Data shown:
⁂
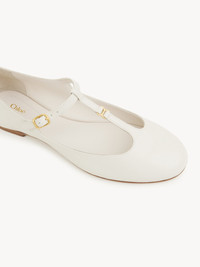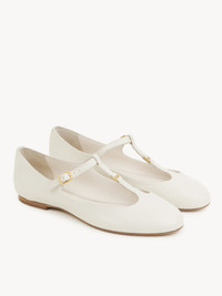 Crafted from nappa goatskin, this revisited Marcie ballerina pairs a Mary Jane silhouette with an almond toe shape for a Parisian attitude. The upper is detailed with Marcie's gold-tone buckle in miniature while the Chloé-engraved buckle lends a signature finish to these comfortable ballet flats. PRODUCT DETAILS Flat ballerina Upper: nappa goatskin Inner sole: sheepskin Main lining: sheepskin Sole: cowhide Fit true to size, European sizing - Buckle fastening To make this product, Chloé worked with Leather Working Group (LWG) certified leather manufacturers. LWG certifies tanneries based on their water and energy usage, management of chemicals, solid waste, and wastewater. Color: Eggshell Item code: CHC24A02NNP122
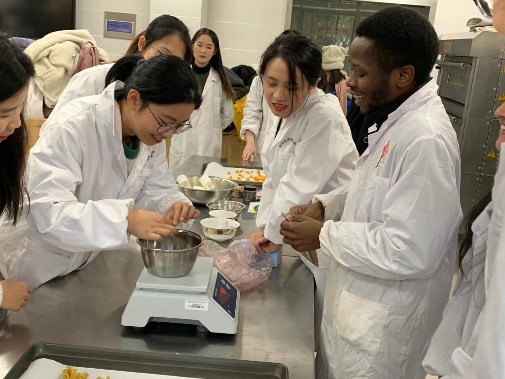 工艺大厅举办了“江南餐厅—舌尖上的双C(Cooking And Communication)”中外交流活动。来自国际教育学院的5名国外学生与来自91猫先生
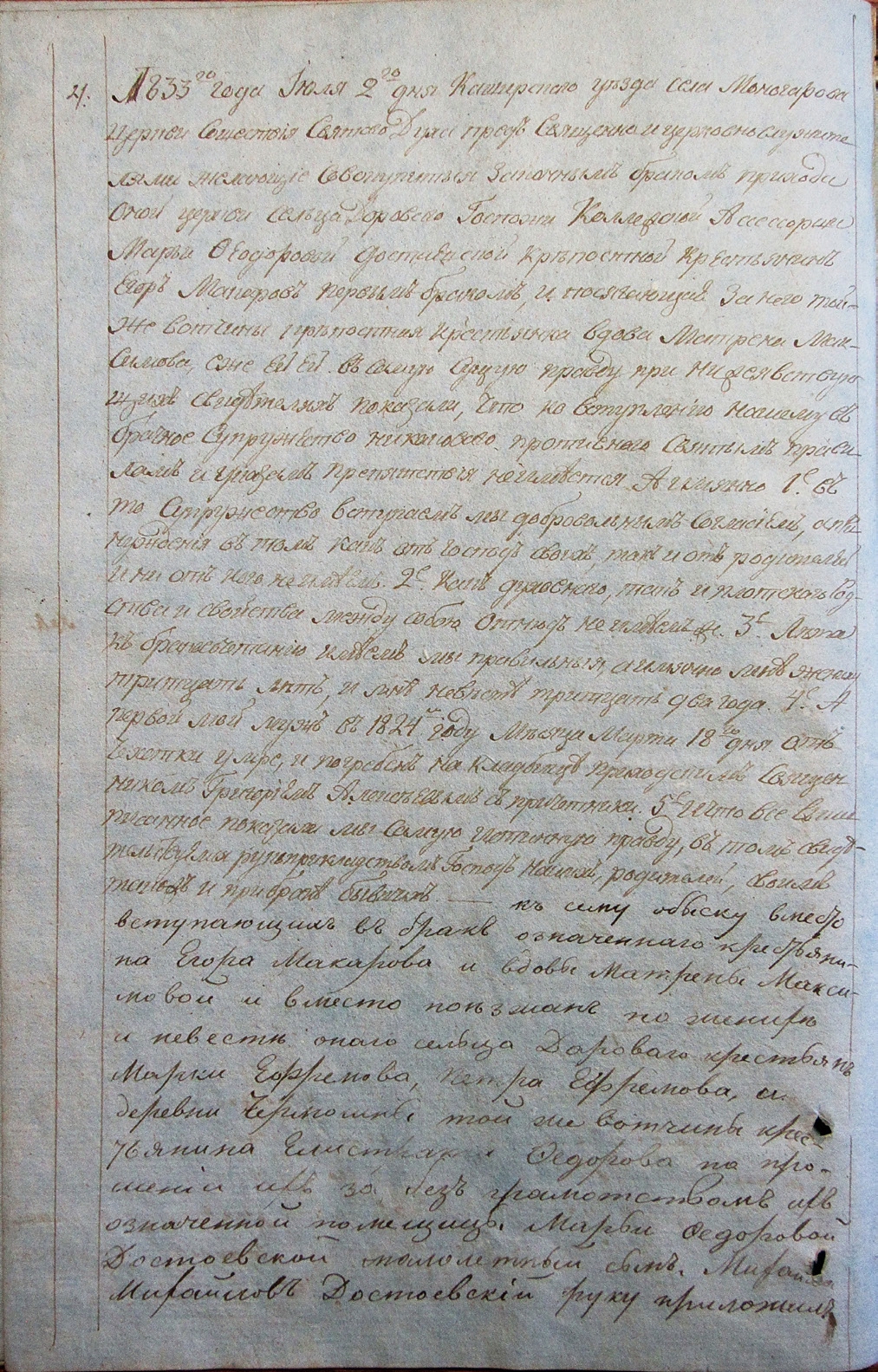 На обороте листа 4 в книге имеется запись под № 4 от 2 июля 1833 г.: «…желающiе совокупиться законнымъ бракомъ прихода оной церкви сельца Дороваго Госпожи Коллежской Ассессорши Марьи Ѳеодоровой Достаевской крѣпостной крестьянинъ Егоръ Макаровъ первымъ бракомъ, и посягающая за него тойже вотчины крѣпостная крестьянка вдова Матрена Максимова…». Далее следует типовой текст о добровольном вступлении в брак, об отсутствии родства между молодоженами, об их возрасте и об истинности их показаний.
⁂
What you should do: Without the pictures, print the whole listing exactly as given.

The answer:
 Crafted from nappa goatskin, this revisited Marcie ballerina pairs a Mary Jane silhouette with an almond toe shape for a Parisian attitude. The upper is detailed with Marcie's gold-tone buckle in miniature while the Chloé-engraved buckle lends a signature finish to these comfortable ballet flats. PRODUCT DETAILS Flat ballerina Upper: nappa goatskin Inner sole: sheepskin Main lining: sheepskin Sole: cowhide Fit true to size, European sizing - Buckle fastening To make this product, Chloé worked with Leather Working Group (LWG) certified leather manufacturers. LWG certifies tanneries based on their water and energy usage, management of chemicals, solid waste, and wastewater. Color: Eggshell Item code: CHC24A02NNP122
 工艺大厅举办了“江南餐厅—舌尖上的双C(Cooking And Communication)”中外交流活动。来自国际教育学院的5名国外学生与来自91猫先生
 На обороте листа 4 в книге имеется запись под № 4 от 2 июля 1833 г.: «…желающiе совокупиться законнымъ бракомъ прихода оной церкви сельца Дороваго Госпожи Коллежской Ассессорши Марьи Ѳеодоровой Достаевской крѣпостной крестьянинъ Егоръ Макаровъ первымъ бракомъ, и посягающая за него тойже вотчины крѣпостная крестьянка вдова Матрена Максимова…». Далее следует типовой текст о добровольном вступлении в брак, об отсутствии родства между молодоженами, об их возрасте и об истинности их показаний.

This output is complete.